2015年8月17日

見た目をデザインするのではなく、機能をデザインする。



ジョナサン・アイブ

デザインは見た目を飾るものではなく機能である。見た目だけ綺麗にしても、それはデザインじゃない。この指摘は正しい。

なぜここは丸いのか。なぜこのボタンはここに配置されたのか。このアイコンはなぜこんな形をしているのか。ただ何となくカッコイイという理由で決めるのではなく、機能の一部として活かされるからそのように決めた。それが理由になれば、それはデザインと言える。



Appleが作った代表作となったiPhoneとiPadだが、あの使い心地はデザインの賜物だと、実際に使っていて感じる。見た目がオシャレという点は確かにそうだが、なぜそのような見た目にしたのかを理由付けできる。それがiPhoneでありiPadでもある。

見た目を真似てスマホを作るメーカーもあるが、見た目だけを似せても良いスマホにはならない。ボタンの形、本体の大きさと形、スピーカーの位置、カメラレンズの位置など、モジュール化されていると、部品を寄せ集めるだけで似たような電子製品を作れるが、それは言わば「似て非なるもの」と言うべき。

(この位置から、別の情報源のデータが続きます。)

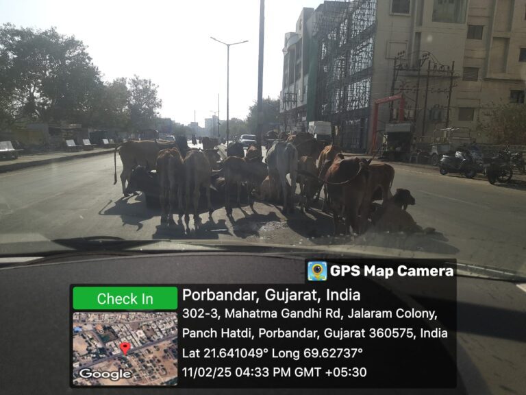પોરબંદર માં રખડતા પશુઓ નો ત્રાસ દુર કરવા સક્રિય નાગરિક સંગઠન દ્વારા મ્યુની.કમિશ્નર ને રજૂઆત કરાઈ છે.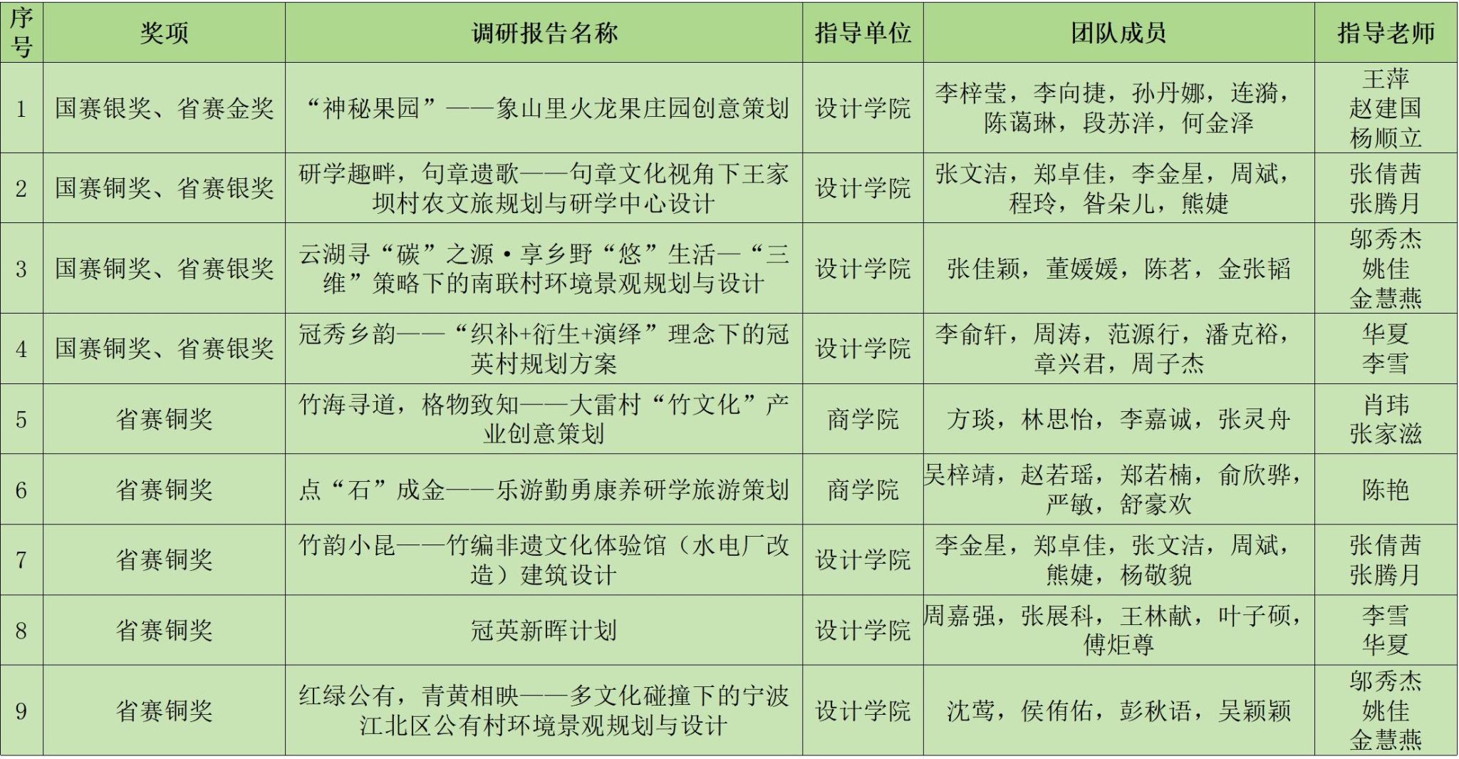 设计学院《“神秘果园”——象山里火龙果庄园创意策划》获国赛银奖、省赛金奖,设计学院《研学趣畔,句章遗歌——句章文化视角下王家坝村农文旅规划与研学中心设计》《云湖寻“碳”之源·享乡野“悠”生活—“三维”策略下的南联村环境景观规划与设计》《冠秀乡韵——“织补+衍生+演绎”理念下的冠英村规划方案》获得国赛铜奖、省赛银奖。

機能がデザインになった身近な一例を挙げると、常に状態が良い芯の部分を使えるシャープペンシルがある。三菱のシャープペンシルで、クルトガという製品(http://www.mpuni.co.jp/products/mechanical_pencils/sharp_pen/kurutoga/standard.html)なのだが、このシャープペンシルは文字を書いていると芯が回転する仕組みになっている。

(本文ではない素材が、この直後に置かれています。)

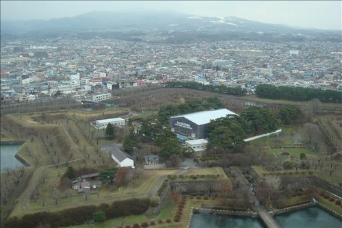 從展望台向下眺望可以看到昔日為了防禦外患所建造的五稜郭公園,

三菱鉛筆 シャープペン ユニ クルトガ スタンダードモデル 0.5mm ブラック


シャープペンシルなどもはや技術革新が起こらないような製品だと思っていた。100円程度で売られている鉛筆の代用品。その程度でしかなかった。学生の頃は、小学生の時からシャープペンシルを使い始め、それ以来、大学を卒業するまでシャープペンシルを使っていた。

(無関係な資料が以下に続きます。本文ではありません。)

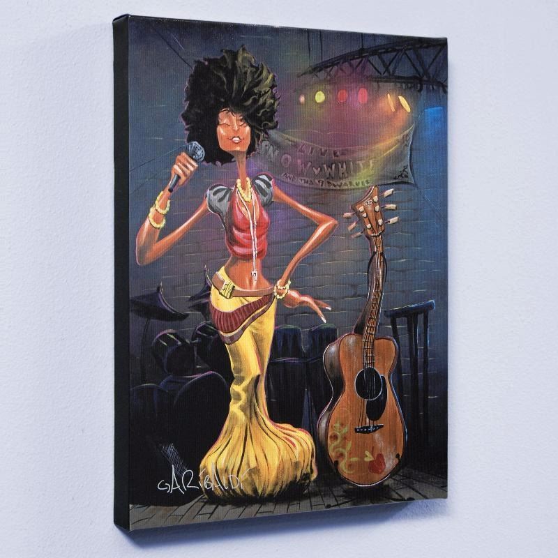 Combining his passions for music and art, David Garibaldi creates visual poetry. "Snow White" is a limited edition giclee on stretched canvas, CC numbered from the miniature series and bearing the artist's authorized signature. This piece is gallery wrapped and ready to hang. Includes Certificate of Authenticity! Measures approx. 12" x 16" (image). Retail Price $150.00. PRICE INCUDES FREE SHIPPING IN THE U.S. - SHIPPING WILL BE ADDED TO YOUR INVOICE FOR ALL BUYERS OUTSIDE OF THE U.S.

卒業してからは、ずっと黒のボールペンが主な筆記用具で、芯を補充する必要がないし、文字の太さも一定だ。

今はほとんど使わないシャープペンシルだが、クルトガの仕組みは確かにデザインと言える。見た目を派手にするのがデザインだと思っていると、「ペンの内部にあるギアで芯を回転させる仕組みがなぜデザインなんだ?」と考えてしまうだろう。

クルトガの主な機能はペンの中に内蔵されているので、外からはただのシャープペンシルに見える。しかし、実際に使うと、そのデザインを体感することになる。

派手な見た目には欠けるものの、人の意識を妨げずに使える。それが「デザインは機能だ」と言う根本の部分なのだ。